══ RAW DATA

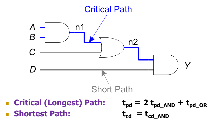 - Critical Path: Longest delay path determines the maximum operating frequency.
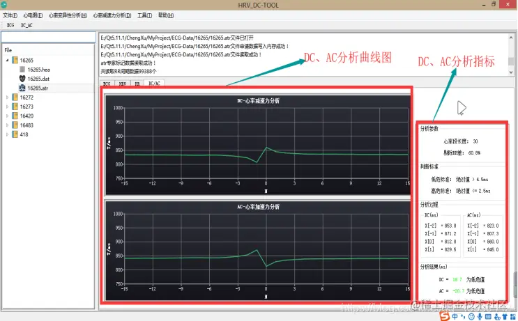 点击DC图表右侧开始按钮,程序对得到的数据进行PRSA处理,计算DC、AC的值,显示结果并绘制DC、AC的图形:
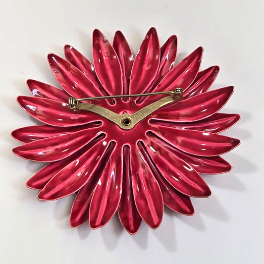 Vintage 1960s Enameled Flower Zinnia Brooch
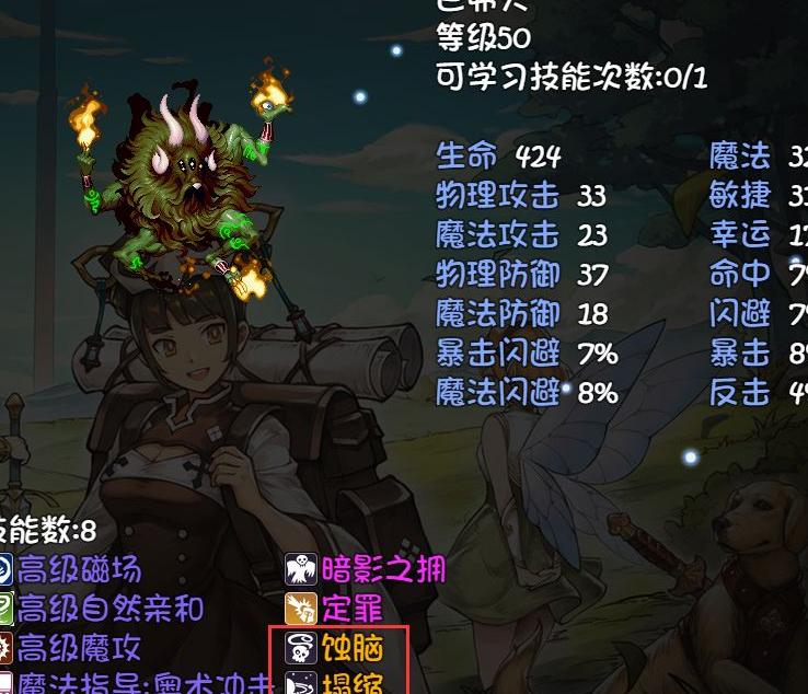 宠物建议选择具备蚀脑和塌缩技能的,若无蚀脑可接受,但塌缩必带。巴佛灭、巴尔、巴风特这三种宝宝均较易同时拥有这两个技能,出率较高。
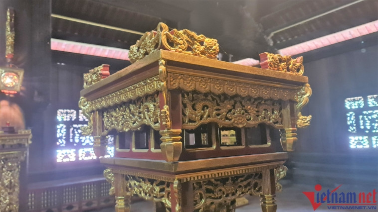 Đáng chú ý, bên trong chính điện, các đồ thờ, vật dụng được phục dựng và sơn son thếp vàng với giá trị hơn 40 tỉ đồng.

════

TRY IT |
Return only the lines from the start of the data through the line that contains "宠物建议选择具备蚀脑和塌缩技", please, copying them exactly and omitting all pictures.

REPLY |
 - Critical Path: Longest delay path determines the maximum operating frequency.
 点击DC图表右侧开始按钮,程序对得到的数据进行PRSA处理,计算DC、AC的值,显示结果并绘制DC、AC的图形:
 Vintage 1960s Enameled Flower Zinnia Brooch
 宠物建议选择具备蚀脑和塌缩技能的,若无蚀脑可接受,但塌缩必带。巴佛灭、巴尔、巴风特这三种宝宝均较易同时拥有这两个技能,出率较高。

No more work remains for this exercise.